# just bought Zymol Cleaner Wax. Any tips?



## RichDean (Nov 24, 2009)

As said just bought this for the first time and thought I'd give it a go tomorrow as it's meant to be dry.

Has anyone used this or got any tips?

It says on the bottle that to get best results after you've applied the wax and buffed it off that you should lightly spray the surface with clean cold water and re-buff.

Not come across this technique before.


----------



## ScoobyTT (Aug 24, 2009)

Hi, I've used this on and off over the years in between my main wax. I used it to address minor swirling or for a quicker waxing process. It's good stuff and smells lovely. It's much like any other liquid wax in terms of application but because of the slight clay content it can leave a powedery residue accumulating at the edges after you take it off. With the TT having grooves around the rear window I'd say to take the wax off away from these so you don't get any of the powder going in the gap. The water spraying would help even up the finish though I never found I needed to do that. It would help with removing any collected powder too.


----------



## RichDean (Nov 24, 2009)

Thanks ScoobyTT, I gave it a go today and was REALLY impressed with the results. Didn't bother with the water spray as I didn't feel that I needed to.

Some pics up here:
http://www.ttforum.co.uk/forum/viewtopic.php?f=31&t=161783&sid=2a89b4938c71f5dc894dded8f0a41d79


----------



## davelincs (Jan 1, 2010)

what do you think to the zymol ,richdean?

?


----------



## RichDean (Nov 24, 2009)

Yeah it's very good. Was easy to apply, gave very little powdering, though I did buff it off before it dried.

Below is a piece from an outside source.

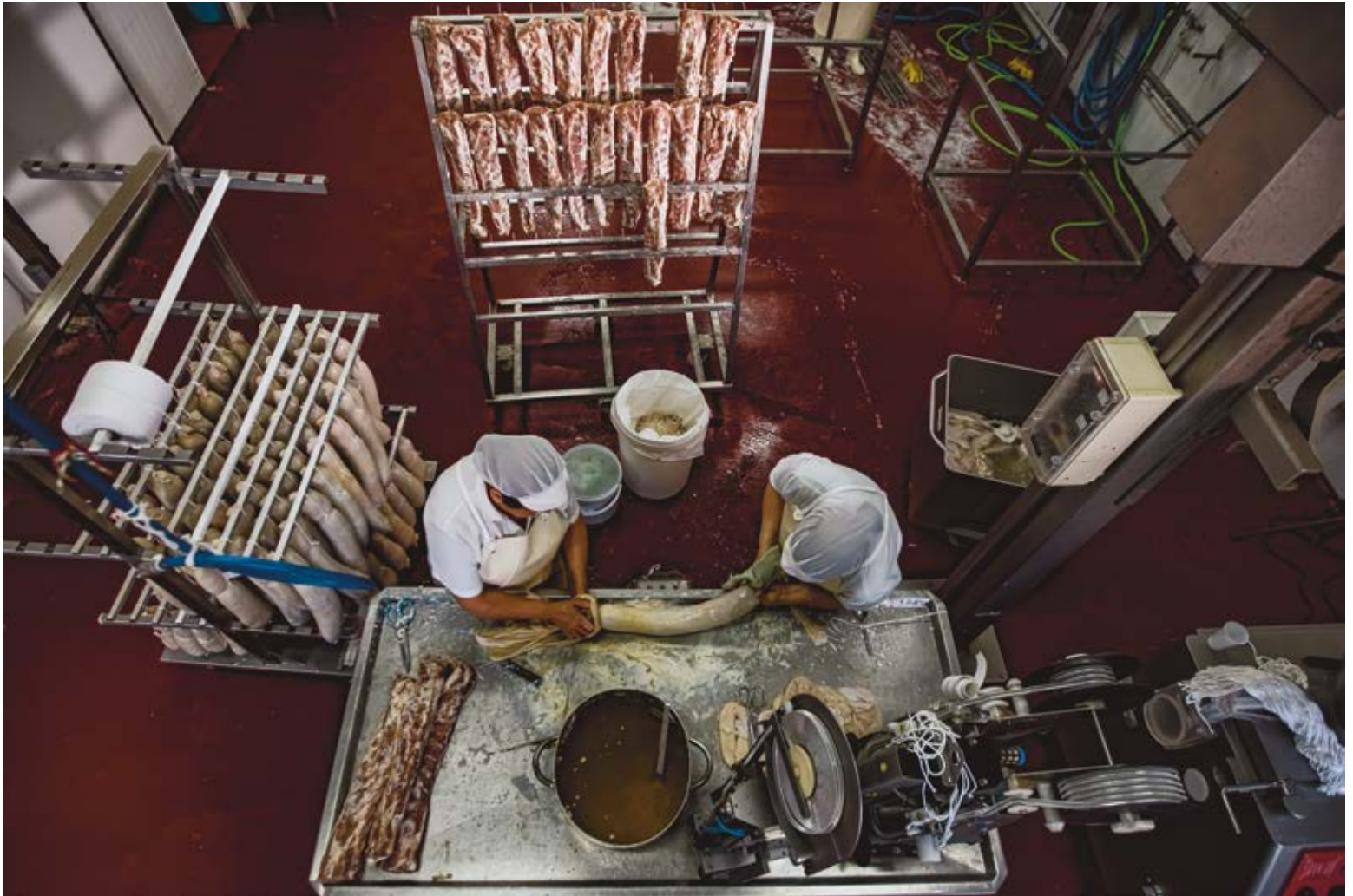
DOBLANDO EL LOMO. Dibond 90 x 60 cm

It was noticeable over Mer, though that wax is very good, but this was much better.

The paint almost looked as reflective as the glass from some angles!


----------



## ScoobyTT (Aug 24, 2009)

I'd second that. The wax itself doesn't last as long as a more solid wax, but this is to be expected as it is a combination product. Where it shines (no pun intended) is in giving a gentle polish to the paint to help with swirls marks, restoring depth of colour and shine if paint is oxidised or suffering dappling from rain/sun combos. As it applies a wax too, it's good for doing this and getting some wax on to protect the paint until you can give it a full going over.


----------



## NickP (May 6, 2002)

davelincs said:


> what do you think to the zymol ,richdean?
> ?


The Zymol products you can buy in Halfords like this and the Zymol Shampoo, aren't truly Zymol products - they are made under license by Turtlewax - just something to bear in mind when comparing to the more expensive Zymol products..


----------



## ahaydock (Sep 19, 2006)

This product isn't too bad when used properly. Obviously wash the car well using the 2 bucket method and fully rinse to ensure the car is clean. If you can clay the car first. Then I would use either a Foam Applicator or MF Applicator and apply sparingly starting from the top down. Leave it for a min or 2 then buff with a MF Cloth.

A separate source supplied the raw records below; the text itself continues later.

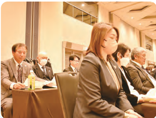
真剣に耳を傾ける役職員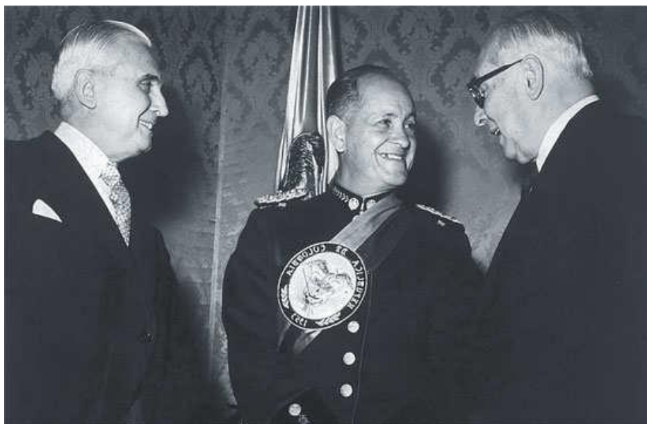
posesión presidencial General Gustavo Rojas Pinilla.

elecciones, el poder se repartiría en partes iguales entre los dos partidos, alternando la presidencia cada cuatro años. Además, todos los cuerpos legislativos se dividirían en partes iguales entre liberales y conservadores, toda la legislación del Congreso requeriría una mayoría de dos tercios para que tuviera efecto, un mínimo del 10 por ciento del presupuesto nacional se asignaría a la educación y las mujeres podrían disfrutar de la igualdad de los derechos políticos.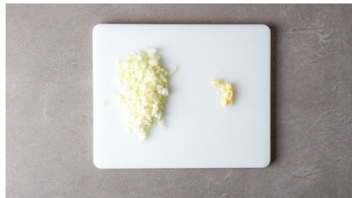
1. Zwiebel schneiden

Energie 962kcal, Fett 54.1g, Kohlenhydrate 66.6g, Eiweiß 48.3g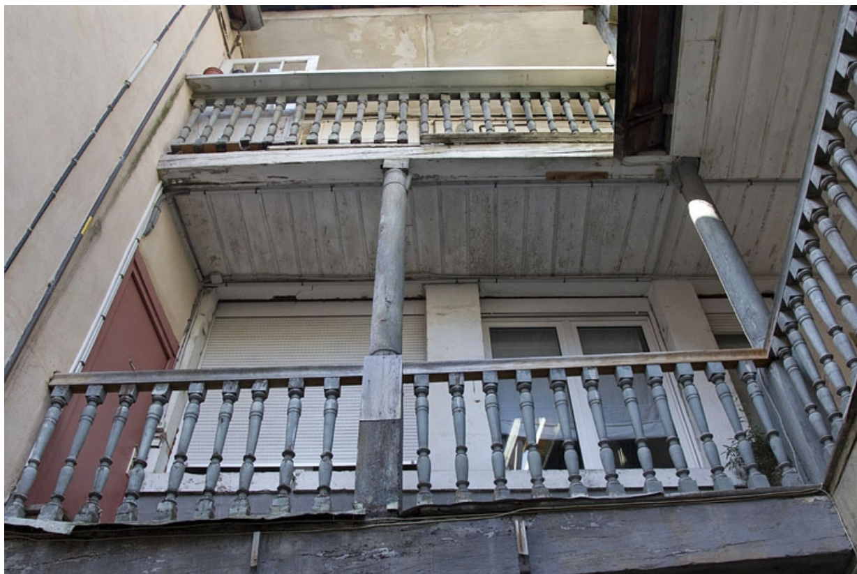
Escalier extérieur : détail des coursières, de face. 25, Besançon, 5 rue Rivotte, lieudit : îlot des Jacobins

The trick is not too use too much or it will get very dusty.

Smells nice


----------



## dooka (Apr 28, 2006)

It will leave white residue on all your plastics too..

I would bin it, and get some decent wax, such as Megs #16, cheaper to boot, or if you want to stay with some liquid wax, some Collinite 845 Insulator Wax..

Or if you want to stay with the Zymol brand, some Zymol Carbon, around £40 IIRC..


----------



## ScoobyTT (Aug 24, 2009)

No don't bin it  That's a bit like saying "bin 303 Aerospace Protectant because it leaves smeary crud all over the paint".  Cleaner Wax is a dual purpose wax, but it's easy enough to avoid plastics. Easier than trying to avoid paint with fallout from a spray gun anyway hehehe  I found that nay powder from the clay in the cleaner wax would collect in grooves but this could be reduced by giving the buffing cloth a shake every now and then.


----------



## RichDean (Nov 24, 2009)

Got to admit I didn't get any white powder, but then I didn't leave it on long enough to dry properly. It does recommend on the bottle that you should apply it and then buff it off before it dries, and I've got to admit this did give me really good results.

It's been a week now and the car's filthy again, but it's noticeable that the wax has held up well under the dirt, if that makes any sense!

I did hear from a friend of mine that this kind of Zymol was is just a repackaged version of something else, but it's still very good.

Don't get me wrong, its not going to compete with the high performance products like collonite, but that isn't really why I bought it. This time of year, the car gets dirty within about a day or two anyway, so I just wanted a good wax that will give the paintwork a bit of loving, make the car look nice, and most importantly give the paintwork a level of protection.

As soon as spring comes, I'm going to invest in some proper detailing products - clay bar, polish, glaze, sealant, and maybe a wax on top.


----------